Para España, que prepara marcos legales para ensayos de conducción autónoma en ciudad y servicios tipo lanzadera en algunos corredores de transporte público, ver a los robotaxis de Waymo parados en mitad de un apagón es un recordatorio claro de que la discusión no es solo tecnológica. El incidente pone sobre la mesa cuestiones como la coordinación con las compañías eléctricas, la planificación urbana o la robustez de las redes de telecomunicaciones sobre las que se apoyan estos servicios.
Los reguladores europeos ya están incorporando en sus borradores de normativa conceptos como la seguridad funcional, la ciberseguridad y la gestión de riesgos sistémicos. A raíz de este episodio, no sería extraño ver mayores exigencias en ámbitos como:
- Planes de emergencia específicos para cortes de luz o caídas de red de datos que afecten a zonas amplias de una ciudad.
- Obligación de disponer de protocolos claros de retirada rápida de vehículos autónomos inmovilizados en puntos críticos.
- Requisitos de transparencia sobre cómo actúa el algoritmo en situación de crisis y qué margen tienen los operadores humanos.
- Simulaciones y pruebas de estrés conjuntas entre ayuntamientos, cuerpos de seguridad y empresas de movilidad.
En el caso español, ciudades que aspiran a posicionarse como polos de movilidad inteligente —Madrid, Barcelona, Valencia, Málaga, Bilbao o Zaragoza, entre otras— pueden tomar buena nota. Planificar escenarios de apagón, caídas de red o desastres naturales antes de que haya una flota autónoma funcionando de forma masiva puede ahorrar muchos dolores de cabeza cuando llegue el momento de escalar.
Además, la percepción pública es un factor crítico. En Europa, donde la aceptación social de nuevas tecnologías suele ser más prudente, escenas de coches sin conductor bloqueando cruces durante un apagón pueden reforzar reticencias si no se acompañan de mensajes claros, transparencia y una comunicación honesta de riesgos y límites por parte de las empresas y las administraciones.
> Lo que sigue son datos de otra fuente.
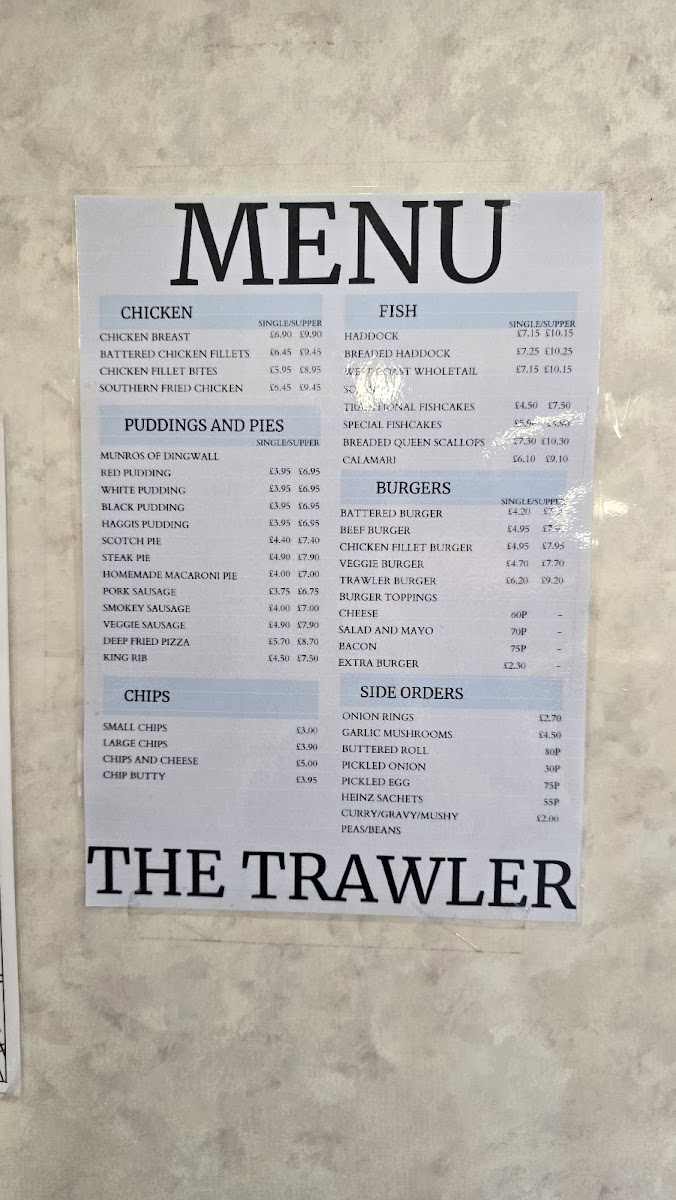 Located on Main St in Golspie, The Trawler Fish & Chips has carved out a niche for itself with its delightful offerings that capture the essence of traditional British cuisine. Their menu shines with succulent haddock options, available as standard (£10.15) or breaded (£10.25), alongside flavorful fishcakes and calamari (£9.10). For burger enthusiasts, the Trawler Burger (£6.20) is a standout.

Todo lo ocurrido con los robotaxis de Waymo tras el apagón en San Francisco deja una fotografía nítida: la movilidad autónoma ya está lo bastante avanzada como para mover a cientos de miles de personas cada semana, pero sigue siendo vulnerable a fallos de la infraestructura sobre la que se apoya. Para las ciudades europeas y españolas que miran de reojo a este tipo de servicios, el mensaje es claro: antes de llenar las calles de vehículos sin conductor, conviene asegurarse de que la red eléctrica, las telecomunicaciones, los protocolos de emergencia y la regulación están preparados para cuando las cosas no salen como en los folletos comerciales.